The Council of European Energy Regulators (CEER) is a non-profit organisation in which Europe's national energy regulators voluntarily cooperate to protect consumer interests and to facilitate the creation of a single, competitive and sustainable internal market for gas and electricity in Europe.

Foundation and mission
In March 2000, ten national energy regulatory authorities voluntarily signed a "Memorandum of Understanding" for the establishment of the Council of European Energy Regulators (CEER). CEER's objective is to facilitate cooperation among Europe's energy regulators in promoting a single-EU electricity and gas market. In 2003 the CEER was formally established as a "not-for-profit association" under Belgian law, with its own Brussels-based Secretariat. CEER represents 30 Members - the national energy regulators from the EU Member States, Iceland, Norway and Great Britain as CEER Members, and the regulators of Albania, Bosnia and Herzegovina, Georgia, Kosovo, Moldova, Montenegro, Republic of North Macedonia, Republic of Serbia and the Swiss Confederation as Observers.

CEER works closely with the Agency for the Cooperation of Energy Regulators (ACER).  ACER is a European Community body with legal personality.

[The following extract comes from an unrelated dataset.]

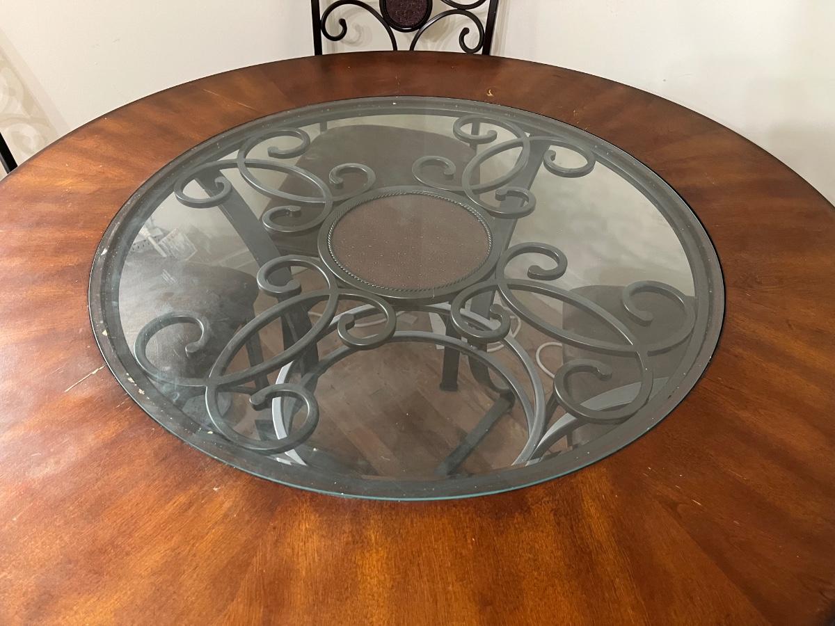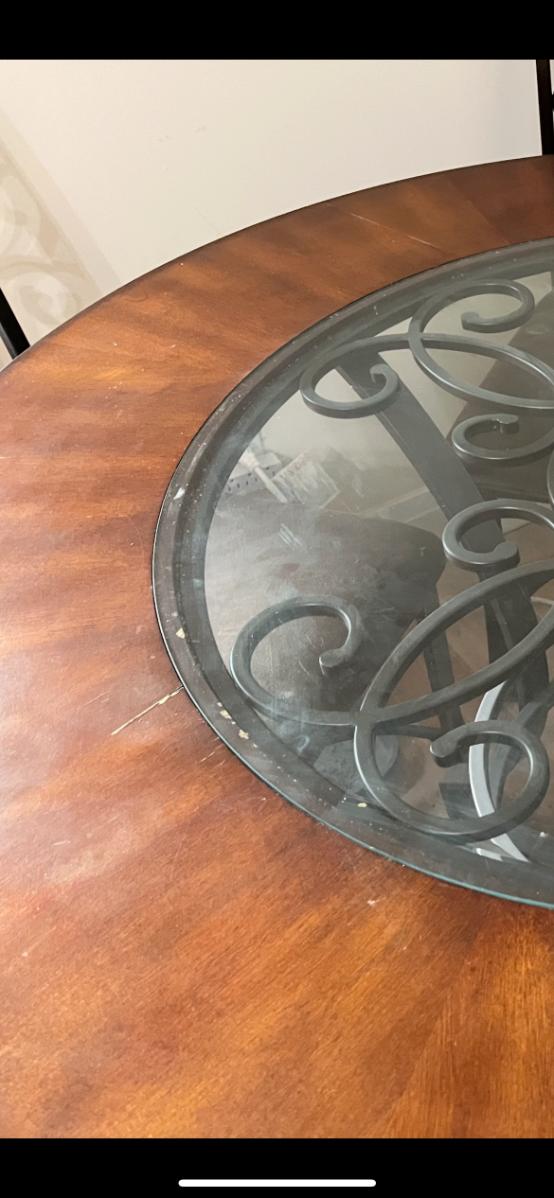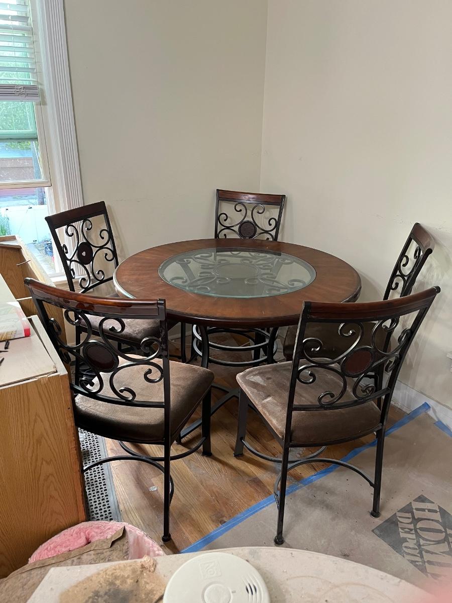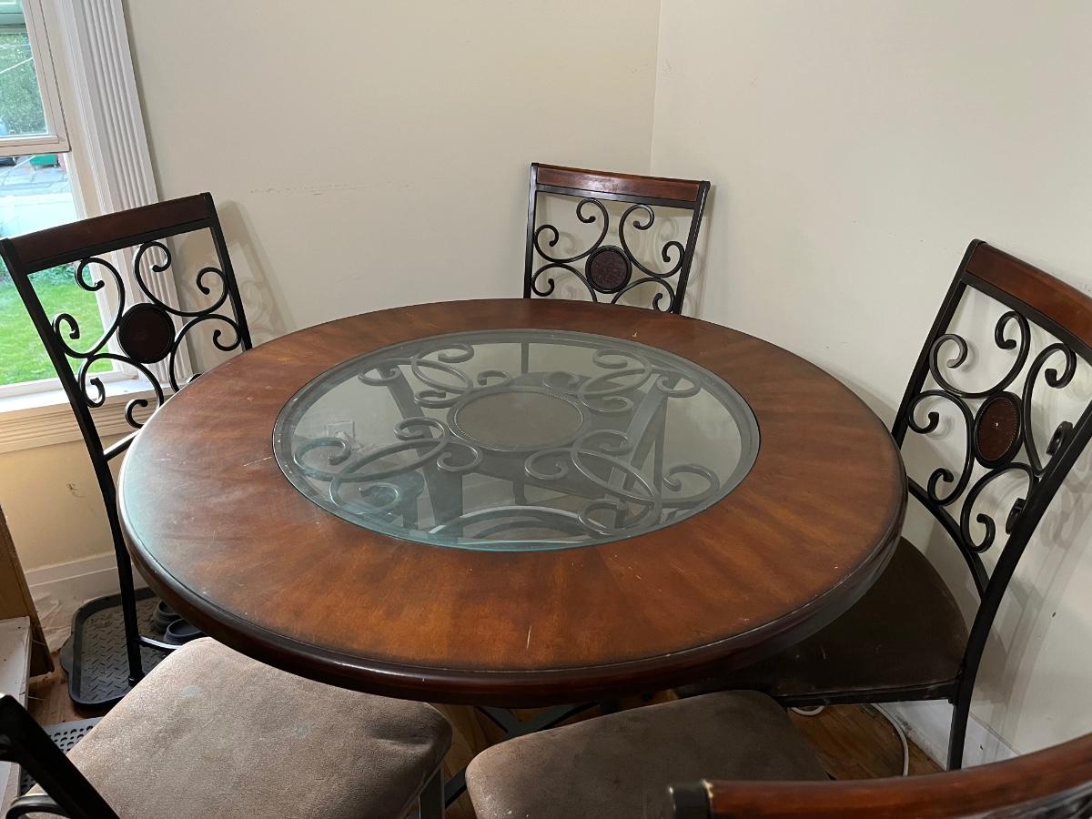 Dark brown dining table with 5 matching chairs. Center has a glass inlay that shows off the table’s rustic design.
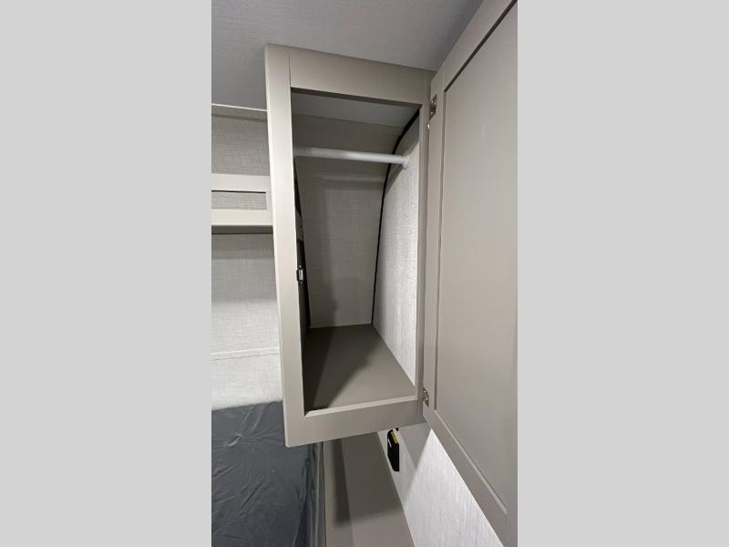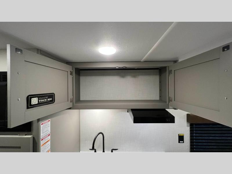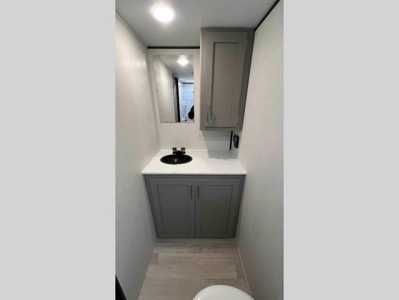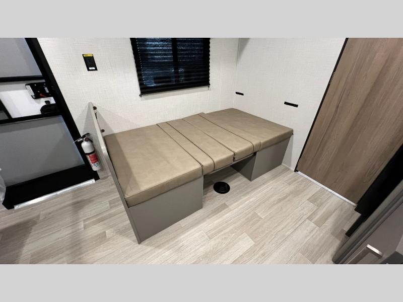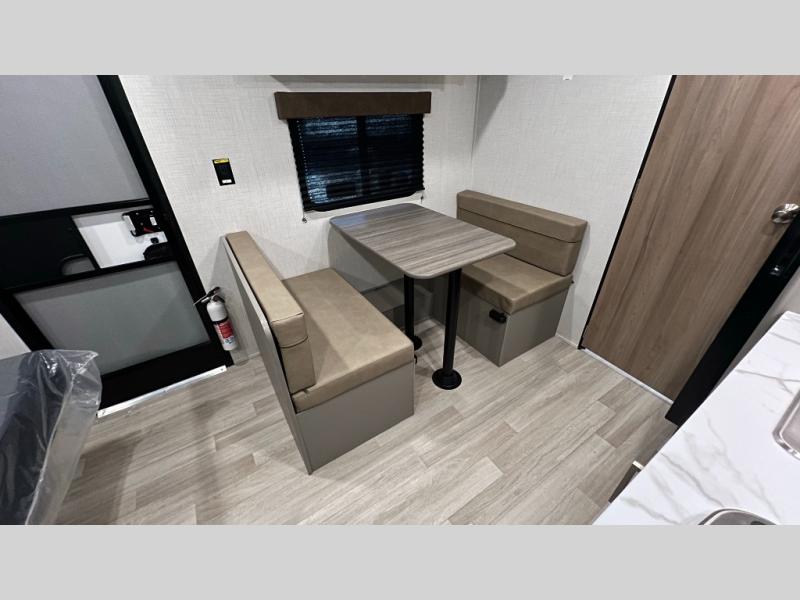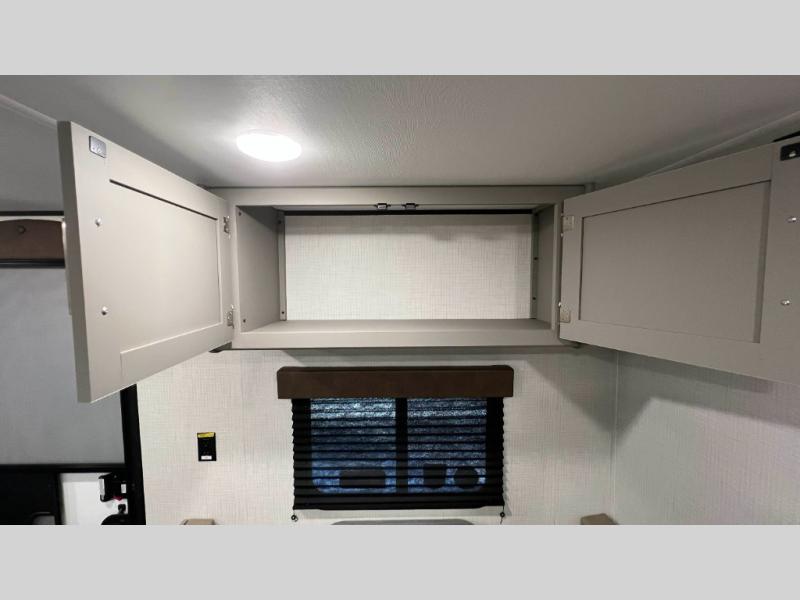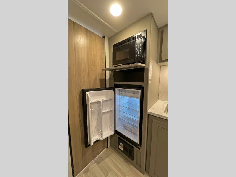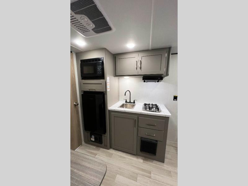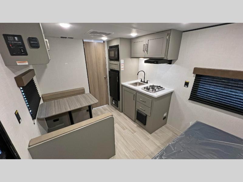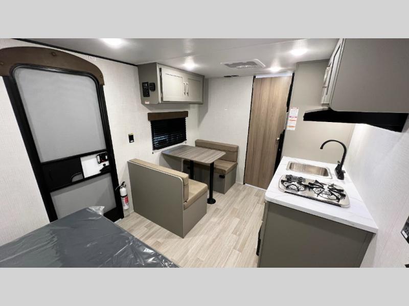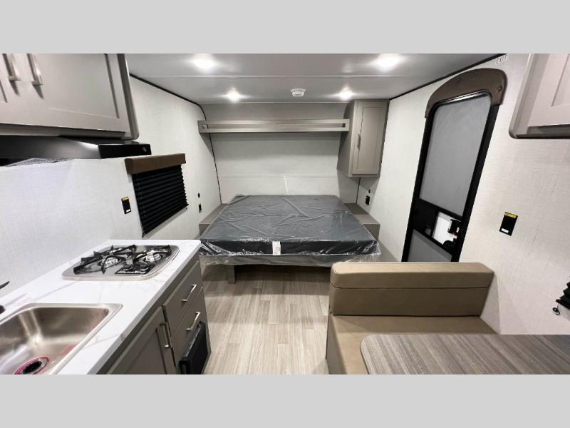 Camping trips just got easier travel trailer that can sleep three to four each night! There is a front Olympic RV queen bed with an overhead shelf and bedside wardrobe for your things. A two-burner cooktop and microwave oven will let you make breakfast for your crew, and a booth dinette provides a place to dine together, as well as convert to sleeping space for a guest or two little ones. This travel trailer also includes a full rear bath, complete with a shower, toilet, and vanity with a sink and overhead cabinet!

ACER became fully operational on 3 March 2011. Its seat is in Ljubljana, Slovenia.

Objectives and functions
CEER seeks to facilitate the creation of a single, competitive, efficient and sustainable market for gas and electricity in Europe.

Some other objectives:
facilitate consultation, coordination and cooperation of national regulatory authorities, contributing to a consistent application of legislation in all Member States;
set up co-operation, information exchange and assistance amongst regulators;
contribute to the advancement of research on regulatory issues
operate a training academy for energy regulators

CEER acts as a platform for cooperation, information exchange and assistance between national energy regulators and is their interface at European level with the EU Institutions.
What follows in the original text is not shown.